Боли складываются одна с другой. Я листаю время назад, нахожу свое место и возвращаюсь на тропу. Посланные мною раньше стрелы обратных азимутов возвращаются ко мне от дат и от мест. Вот я, вот поле, там был сад, вот дорога, телега с лошадью в день ее приезда, зеленый грузовик в день ее отъезда, «праздника веселое волненье, празднуем сегодня день рожденья», и будущее, что когда-то занимало большую часть времени, теперь стало тонким и решительным, как бритва. Внезапно я понимаю: не память иссякает, а забвение заливает, и умереть, какую бы дорогу ни выбрала смерть и в какие бы слова она ни нарядилась — помер, исчез, улизнул, погиб, преставился, упокоился, ушел в мир иной, сошел в могилу, ушел из жизни, приказал долго жить, возлег с предками, покинул сей мир, отошел к праведникам, почил навеки, — всегда означает: утонуть.

Я не жалуюсь. Меж моим детством и ее старостью, от моей почти смерти тогда и ее настоящей смертью сейчас время подарило нам еще и семь тучных лет любви. Но когда она умерла, я ушел с ней вместе и потому разъясню: в свои пятьдесят (или пятьдесят пять — смотря по какому счету) я, сидящий в тени сладкого индонезийского лимона и под кровавым апельсиновым деревом из Испании, совершенно нормальный, женатый, отец двух детей, — единственный в мире мертвец, у которого все еще открыта фонтанелла.

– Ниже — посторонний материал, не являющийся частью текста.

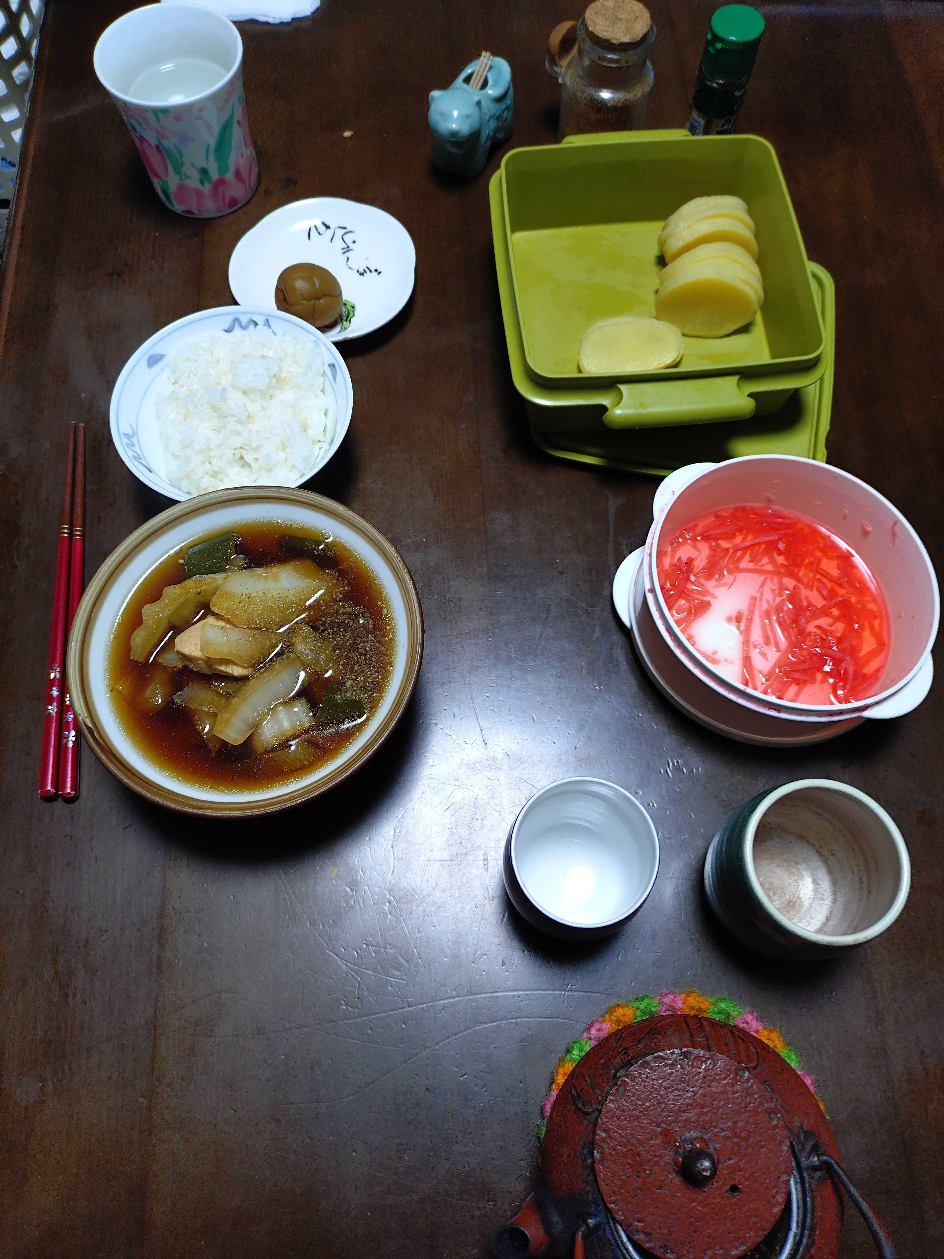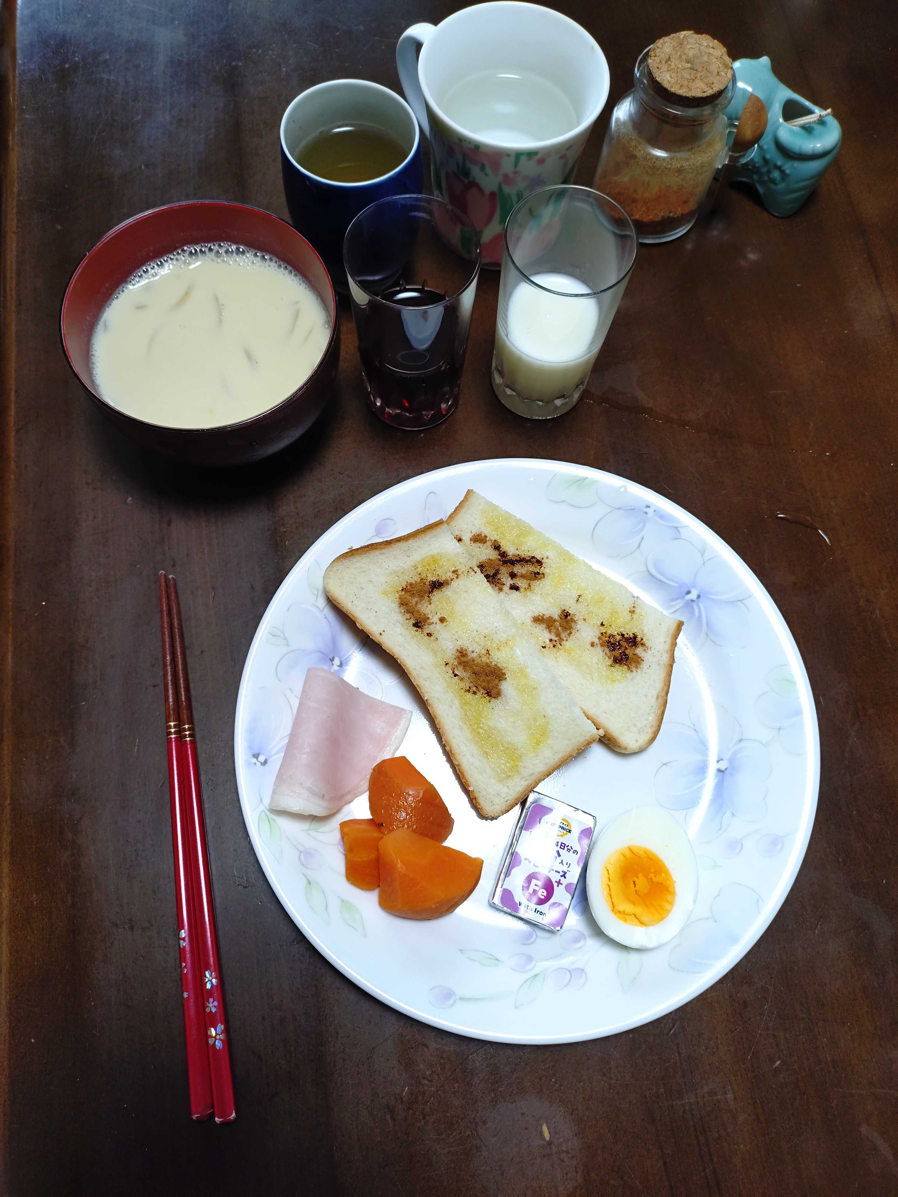 朝食 トースト8枚切り1枚オリーブオイル蜂蜜シナモン ハム 茹で人参 チーズ 茹で卵 ヨーグルト ブドウジュース 緑茶 味噌汁豆乳仕立て夕食 沢庵 紅生姜 白菜と鳥肉の鍋物風 ご飯発芽玄米入り 梅酒の梅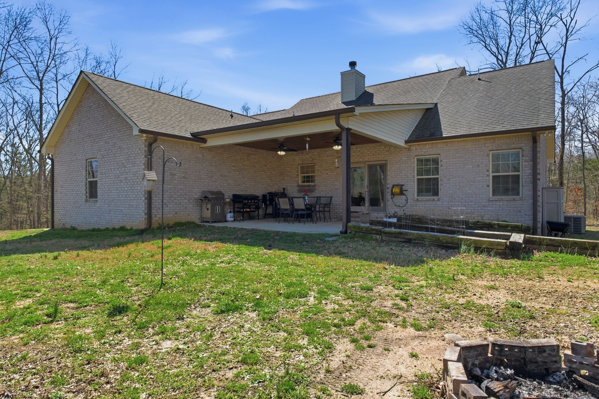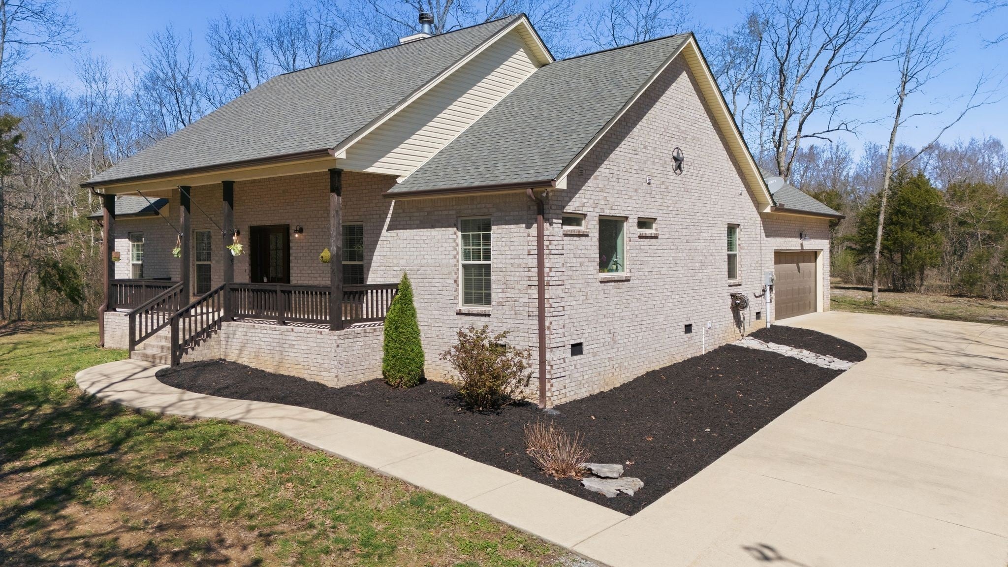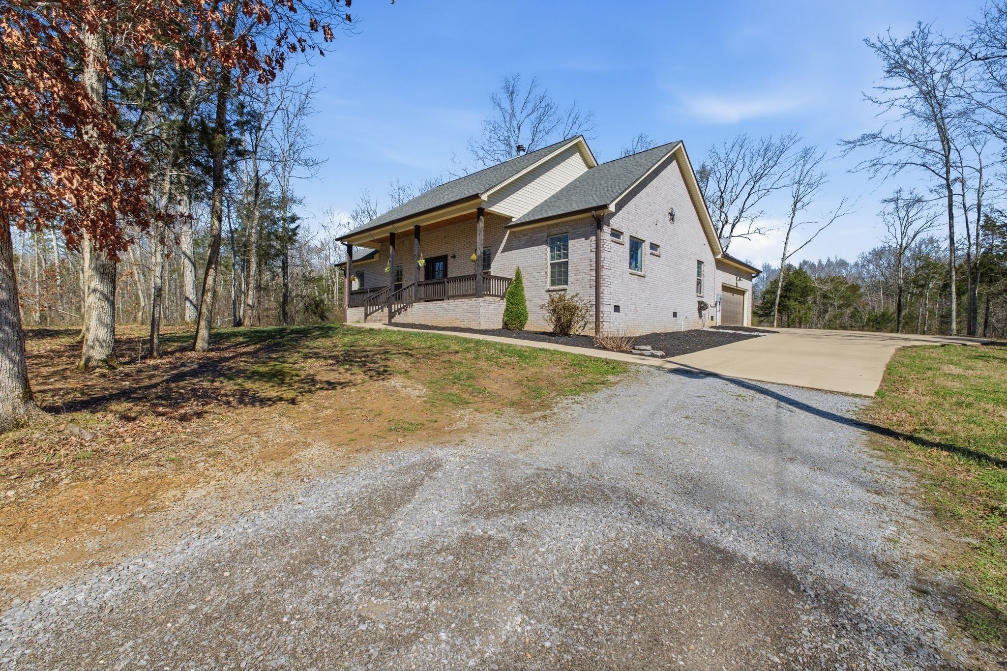 Beautiful all brick home with custom finishes and sits on 16 +/- acs of woods for privacy. Enjoy your mornings or evenings on the back covered patio and look out over your property in the peace and quiet. Home features a 3BR 3BA w/open concept of living. A flex room adds versatility and can be used as a home office, playroom, or additional living space. Kitchen offers white shaker cabinets w/island, stainless appls, granite counter tops & open eat-in kitchen. The living room is warm and inviting with a stacked stone wood-burning fireplace and high ceilings. Retreat to the oversized primary suite with high ceilings, an en-suite bath complete with a tile shower, soaking tub and double vanities and lots of natural light. Hardwoods through out and tile in baths. Country living at its best and just mintues to Carthage or Lebanon.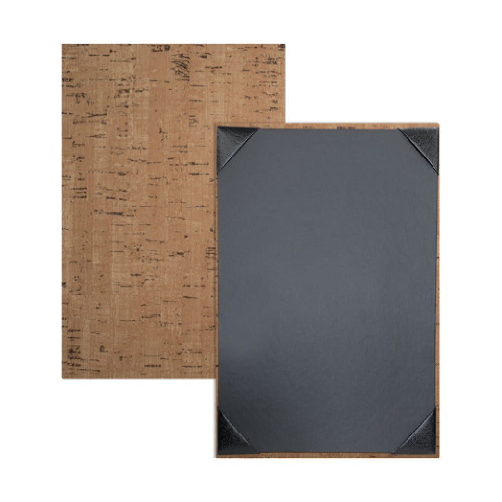 Risch, VINO-1V 5.5X8.5, Vino padded faux-cork Menu Cover (specify color), 5-1/2" x 8-1/2", single, 1 view, black card with black album style corner tabs to hold menu insert, Made in USA (minimum order 25 each) (Packed By: 25 Each Per Case)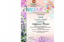 Поздравляем Сайфуллину Жасмин (рук. Шилкина А.В.), занявшую 1 место в конкурсе "Краски весны" на сайте Республиканского педагогического центра "Тат-конкурс".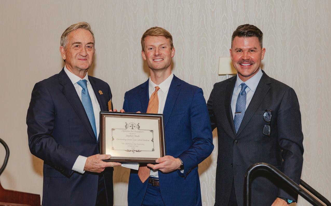 Stephen Hoch ’22 accepts the Outstanding Senior Law Student award from Oklahoma Bar Association president Michael Mordy ’80 and Dean Jim Roth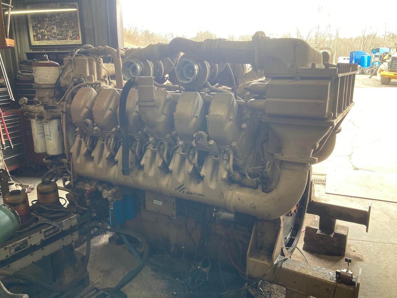 GOOD USED MTU 12V4000 DIESEL TAKEOUT ENGINE FOR SALE at ADELMAN’S TRUCK PARTS in CANTON, OHIO. 12,432 HOURS SHOWING ON ECM, RUN TESTED, T123-7K39 MODEL #, 2250 HP @ 1960 RPM, DDEC, TIER 1 EMISSIONS, COMON RAIL, with 85+ LBS OIL PRESSURE.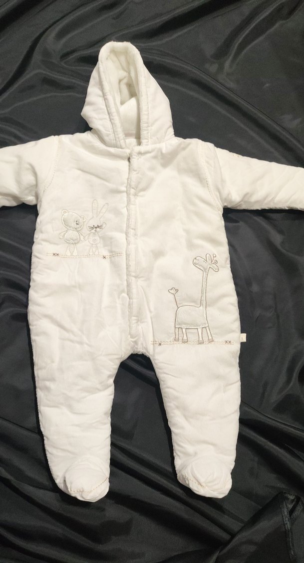 Kürklü detaylı, renkli nakışlı hayvan desenlerine sahip beyaz bebek kız tulumu, kesikli yaka ve kapüşonlu.İngiltereden kızıma hediye geldi.Sadece 1 defa kullanabildim.Hava sıcak olduğu için.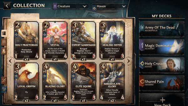 A gold-based resource system lies at the heart of the gameplay. Every decision on when to play or hold cards ties into this mechanic, rewarding players who can manage their in-game economy effectively. The result is a TCG mix that feels familiar yet fresh, blending Hearthstone’s traditional TCG flow with Legends of Runeterra’s hero level-up mechanics and an added layer of economic strategy through gold management.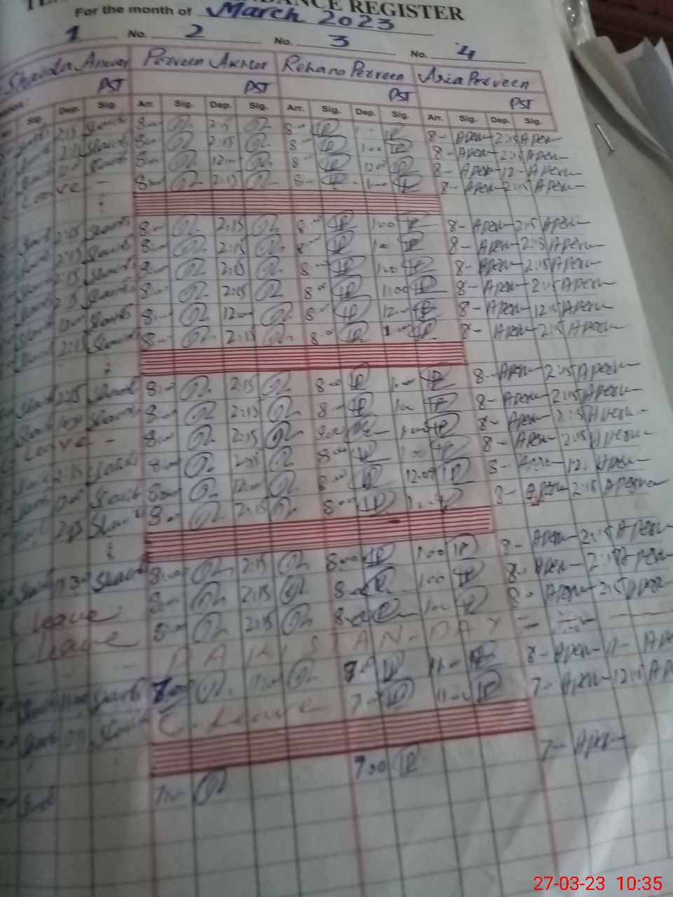 | 36**** | Ki**** Pe**** | PST | Regular | 2 | 0 | 0 | 0 | 0 | 0 | 0 | 2 | 0 | Casual |

Не стоит тревожиться или жалеть. Мы, Йофы, — у нас всегда есть про запас тюбик сгущенки, чтобы утешиться и подкрепиться в минуту слабости. И у нас всегда найдется кружка муки или кувшин масла, и бензин, и вода, и картофельное пюре. И все мы дрожим, все мы помним, передаем ведра историй из рук в руки, сравниваем версии, пароли и семейные выражения. И есть у нас «суп-горячий-как-кипяток» для тех, кто может его проглотить, и «компот» для тех, кто его любит, и «таки-да хорошая рыба», и подземелье на случай «большого несчастья». А если кончается сахар, Йофы бросаются на помощь, и если нужны деньги — у них всегда найдутся между подушками дивана несколько завалявшихся монет, и Жених может изобрести новые плоскогубцы, и отец Апупы может появиться в цирке, и всегда можно подойти к чужой женщине на улице и закричать: «Покорми!.. Покорми!..» — или попросить ее примерить платье.

И в телах наших тоже есть еще силы. Вспомнить или умереть, кто — перед последним прыжком, кто — перед великим исчезновением. Сегодня [завтра] [когда вернется Батия] [через год] — но «так это у нас в семье».